ETFs That VIG Should Be Paired With

Based on what we've discussed, we know there are a few things we should look for when searching for a fund to pair with VIG - different factor profiles, different targeting strategies, low portfolio overlap. All U.S. dividend ETFs are going to be highly correlated no matter what simply because they're all playing in the same sandbox, but searching out these differences can help maximize diversification benefits and help manage overall risk exposures.

Here are four ETFs that could fit that bill:

  • Schwab U.S. Dividend Equity ETF (SCHD) - This is perhaps one of the best dividend ETFs out there and not just for its performance record. Its robust targeting strategy looks for components of dividend growth, dividend quality and high yield all in one place, making it ideal as a core or satellite holding. SCHD has greater factor exposures to yield and quality, two areas where VIG lacks, and it has just a 12% overlap.

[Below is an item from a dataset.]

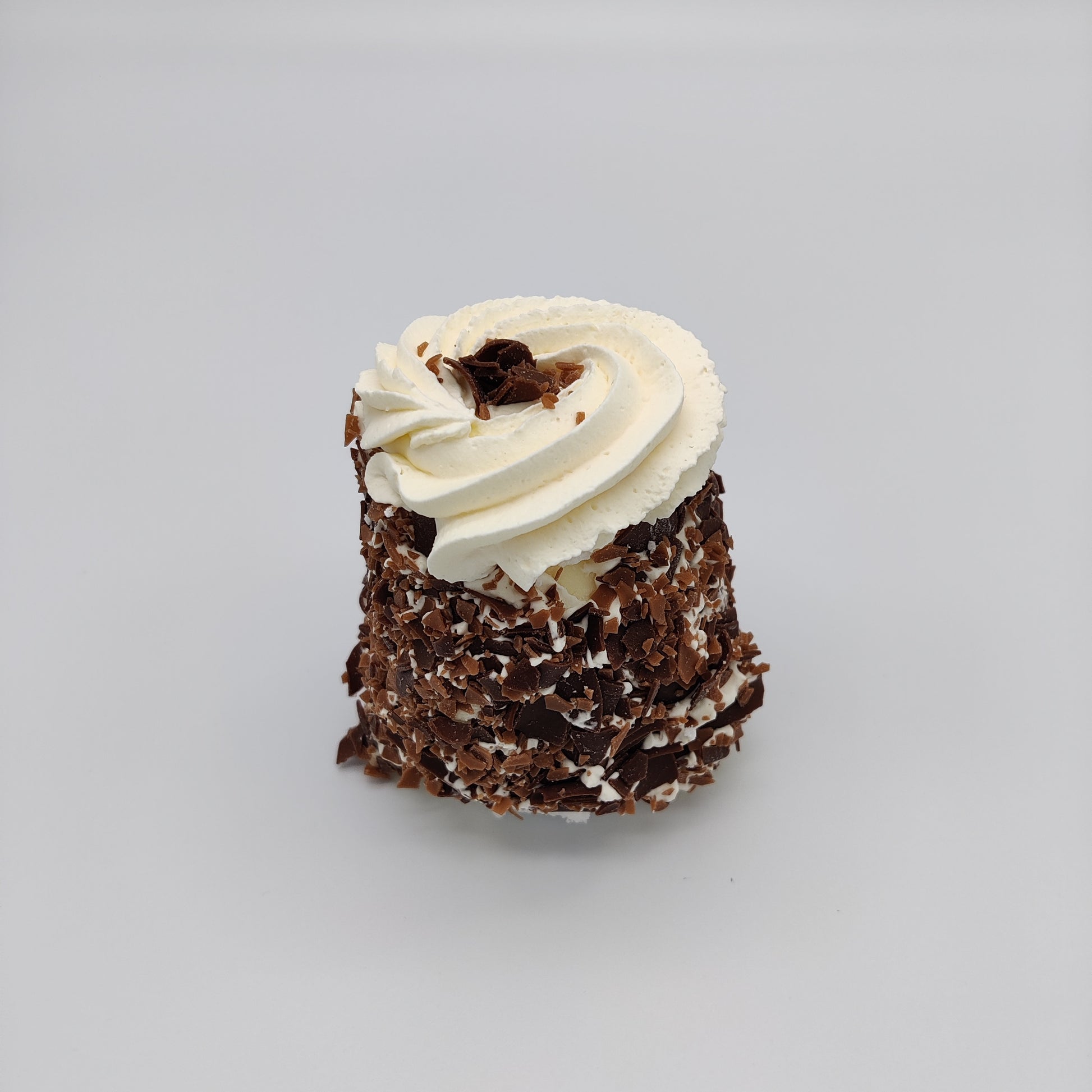 Vanille-ijs tussen twee merengue koekjes afgewerkt met melkchocoladeschilfers

  • iShares Select Dividend ETF (DVY) - DVY's strategy is fairly similar to SCHD in that it employs a multi-factor strategy, but it really differentiates itself in terms of composition. DVY has just 26% of its assets in large-cap stocks compared to 84% for VIG. It scores higher in yield and lower in quality, which add a little more risk to a portfolio, but its 8% overlap (mostly through a reduction in tech and an overweight in utilities) makes it a great pairing.

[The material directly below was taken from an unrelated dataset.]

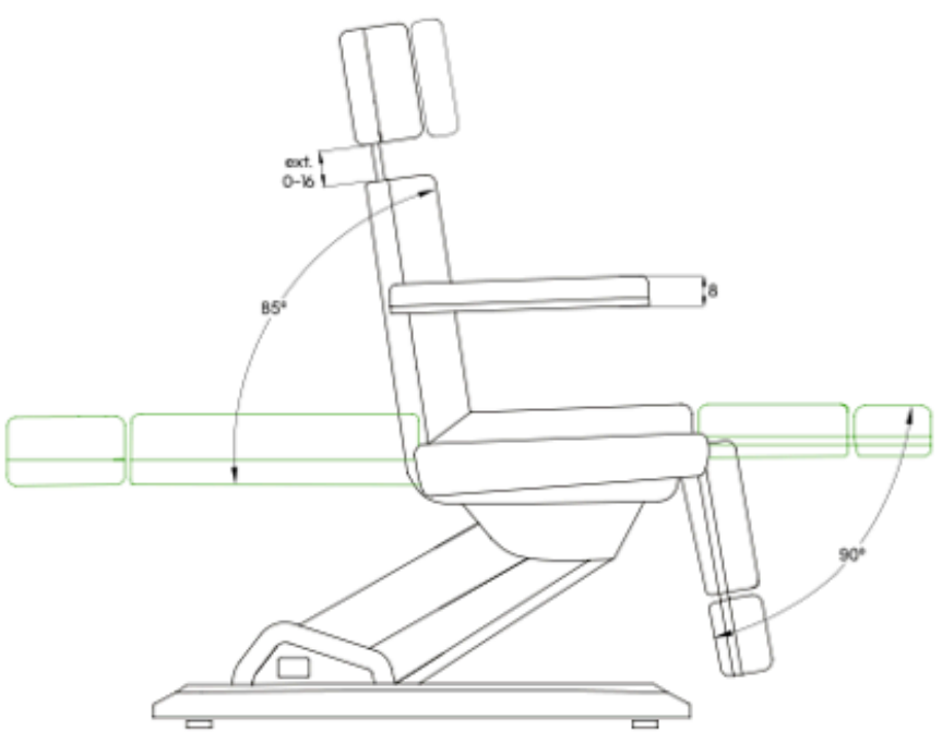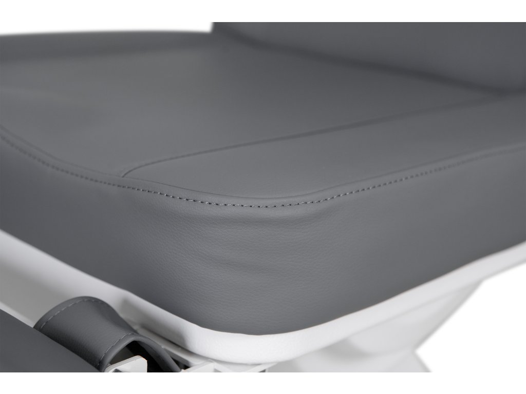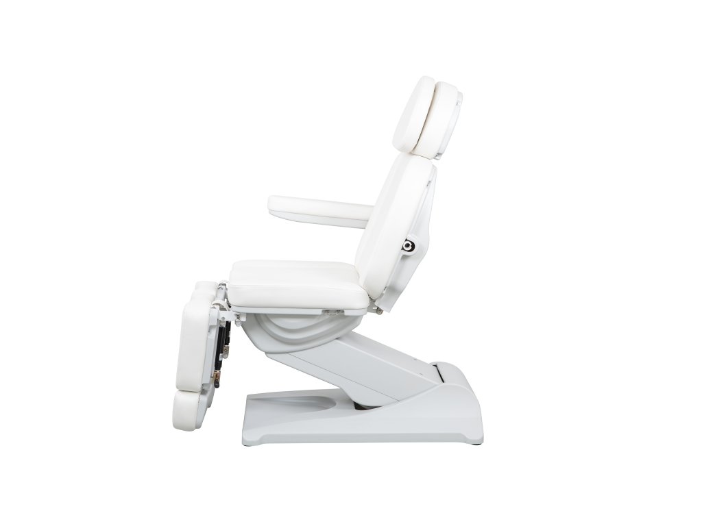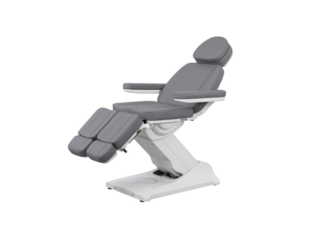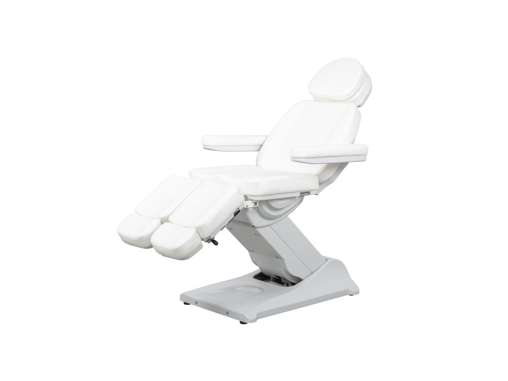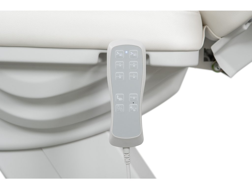Špičková pedikérská židle s velmi stabilní strukturou. Vybaveno 3 motory, které řídí výšku, opěradlo a sklon sedáku. Výškově nezávisle nastavitelné podnožky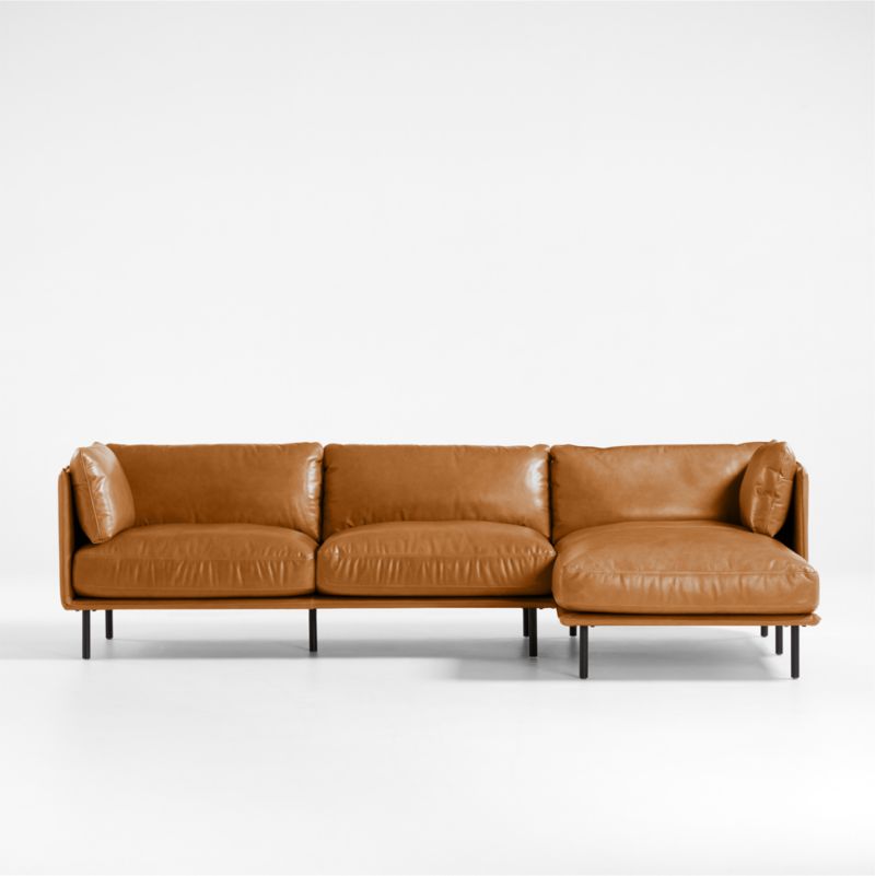 Indulge in the sumptuous leather surround of our Wells sectional. An updated version on the classic leather sofa, the combination of left-arm sofa and right-arm chaise looks rustic and modern as it tucks cushions onto slim frames supported by iron legs. Tailored with top stitching and French seams on the arms, the beautiful top-grain leather glows with an heirloom patina that results when oils and waxes applied during the finishing process are stretched to create lighter tones known as "burst." Uniquely patterned with natural markings, each one-of-a-kind two-piece sectional is a Crate & Barrel exclusive.

  • SPDR Portfolio S&P 500 High Dividend ETF (SPYD) - This is perhaps the most pure high yield play you can find, which usually makes for a great pairing to a pure dividend growth strategy. Targeting stocks based on yield alone makes me nervous because it opens up the possibility of including some bad apples, but the 3% overlap proves, based on both composition and targeting, that it's about as strong of a diversifier as you'll find.

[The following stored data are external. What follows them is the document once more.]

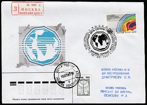 КПД. Всемирный день охраны озонового слоя, 16.09.1997 год, Москва, почтамт, заказное, прошёл почту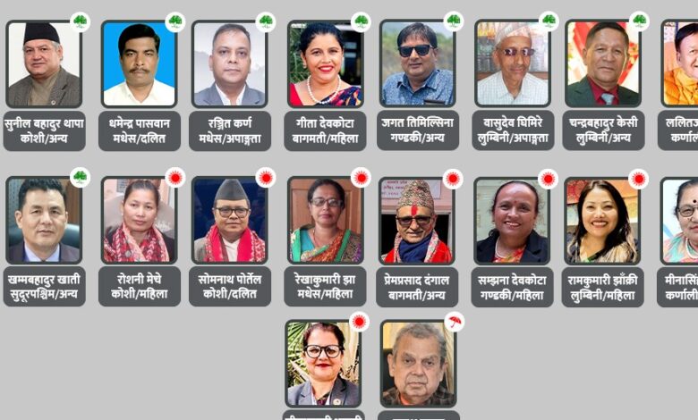 राष्ट्रिय सभा सदस्यमा महन्थ ठाकुर, रामकुमारी झाँक्री, सुनिलबहादुर थापा, ललितजंग शाही, रामकुमारी झाँक्री, सुनीलबहादुर थापा, रोशनी मेचे, धमेन्द्र पासवान, रन्जित कर्ण, रेखा झा, सोम पोर्तेल, गीता देवकोटा, डा. प्रेम दंगाल, जगत तिमिल्सिना, सम्झना देवकोटा, वासुदेव जंगली, चन्द्रबहादुर केसी, मिना रखाल, खम्मबहादुर खाती र लीला भण्डारी निर्वाचित भएका थिए।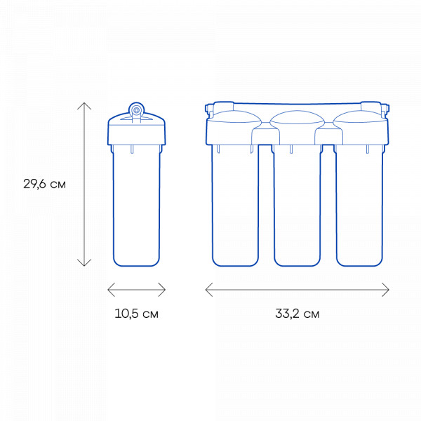 Обратноосмотические фильтры используются для абсолютной защиты от накипи, т.к. полностью устраняют соли жесткости из воды.нетЧисло ступеней очисткиКартриджи последовательно очищают воду и от видимых примесей, и от растворенных. Первый картридж задерживает более крупные частицы, а каждый последующий - более мелкие. Чем больше ступеней - тем лучше фильтр очистит воду: поймает более мелкие видимые частицы ржавчины, песка и ила, успеет захватить из воды максимум растворенных примесей - хлора, нитратов, тяжелых металлов и других.3МинерализацияПроисходит после финишной очистки воды. Необходима прежде всего в фильтре обратного осмоса, поскольку такой фильтр полностью устраняет из воды все примеси, в том числе минералы. Минералы добавляются в оптимальной концентрации - для пользы и привычного вкуса воды.нетПостфильтрацияФинальный этап очистки воды: картриджи постфильтрации удаляют самые мелкие механические частицы и кондиционируют воду, придавая ей более приятный вкус.нетНакопительная емкостьОбычно нужна в фильтрах обратного осмоса. Глубокая фильтрация требует времени. Чтобы Вам не приходилось ждать, пока вода наберется в чайник или кастрюлю, почти во всех моделях используется накопительный бак для чистой воды или другая емкость. В стандартном фильтре обратного осмоса под мойку воды в баке достаточно для семьи из 5-6 человек.нетФильтрующий модуль в комплектедаОтдельный крандаДавление в водопроводе не более, атмМаксимальное давление воды на входе в систему, при котором возможна стабильная работа фильтра.6,5Ширина, смОбратите внимание на габариты фильтра, и измерьте, сколько свободного пространства в предполагаемом месте установки.33,2Глубина, смОбратите внимание на габариты фильтра, и измерьте, сколько свободного пространства в предполагаемом месте установки.10,5Защита корпуса от гидроударовдаИсходная водаЖесткая вода – вода с избытком минеральных солей. От нее появляется накипь в чайнике, известковый налет на сантехнике и разводы на посуде. Мягкая вода – та, в которой мало минеральных солей. Нет накипи в чайнике и разводов на посуде. Фильтры для мутной воды и фильтры от ржавчины, как правило, имеют несколько стадий очистки и дополнительный полипропиленовый картридж. Он задерживает механические частицы ила, песка и ржавчины и защищает картриджи более глубокой очистки.мягкаяУстраняет мутностьМутность водопроводной воды может говорить о том, что в ней много мелких механических частиц. Важно, чтобы в фильтре был установлен дополнительные картридж механической предфильтрации (полипропиленовый) - он продлит жизнь остальным картриджам более тонкой очистки.нетУстраняет ржавчину, бурый осадокЛюбой фильтр под мойку удалит из воды крупные и мелкие частицы ржавчины. Некоторые фильтры имеют повышенный ресурс по железу: они дольше служат в такой воде, поскольку лучше подходят для удаления из воды железа и механических частиц ржавчины.даЗащита от бактерийВсе проточные фильтры в той или иной степени защищают от бактерий. Например, добавление серебра препятствует их размножению. Это стандартная степень защиты. Если в семье есть дети, пожилые люди или аллергики, воду рекомендуется обеззараживать, то есть полностью удалять микроорганизмы. Повышенную защиту от бактерий дают фильтры с половолоконной мембраной. Это пучок труб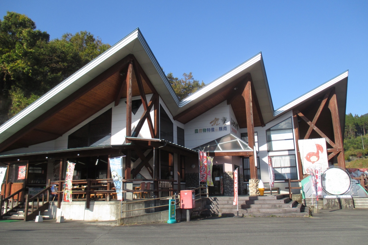 九重ふるさと館は国道210号線と県道681号線の交差点にありました。特徴的な形の屋根を持っていますから目立ちました。交通の便は良いと思いますが、駐車場は広くないので10数台で満車です。ちょっと利用しづらい感じがしました。一度に多くのお客さんがやってくることは想定されていないのでしょう。中は手作り品を含めて産直品売場と食事処がありました。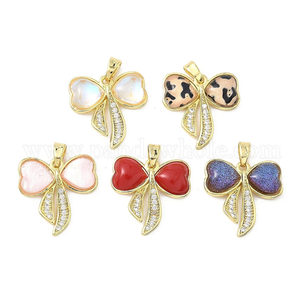 Латунные микро проложить кубического циркония подвески, бантом прелести, cmолой, долговечный, без кадмия и без свинца, стойки покрытие

  • Invesco S&P 500 High Dividend Low Volatility ETF (SPHD) - This targets high yields like SPYD does, but I've always liked how pairing it with a low volatility component looks. Historically, this fund has delivered feast or famine returns, so there is some risk to holding it alone. The conservative investment factor is where this fund really pairs nicely with VIG and, of course, it has just a single digit overlap.

Final Thoughts

This is a good exercise in why it's important not to select investments for your portfolio based on returns alone. Especially in the ETF world, if you only choose the highest returners, you're probably just buying a lot of funds that look just like each other. That's the opposite of what you want to do in the portfolio construction process.

Each of the dividend ETFs I suggested above targets either a different dividend strategy or a multi-factor strategy that emphasizes diversification and differentiation. Pairing any one of those with VIG should manage overall risk and give your portfolio a smoother ride in different economic environments.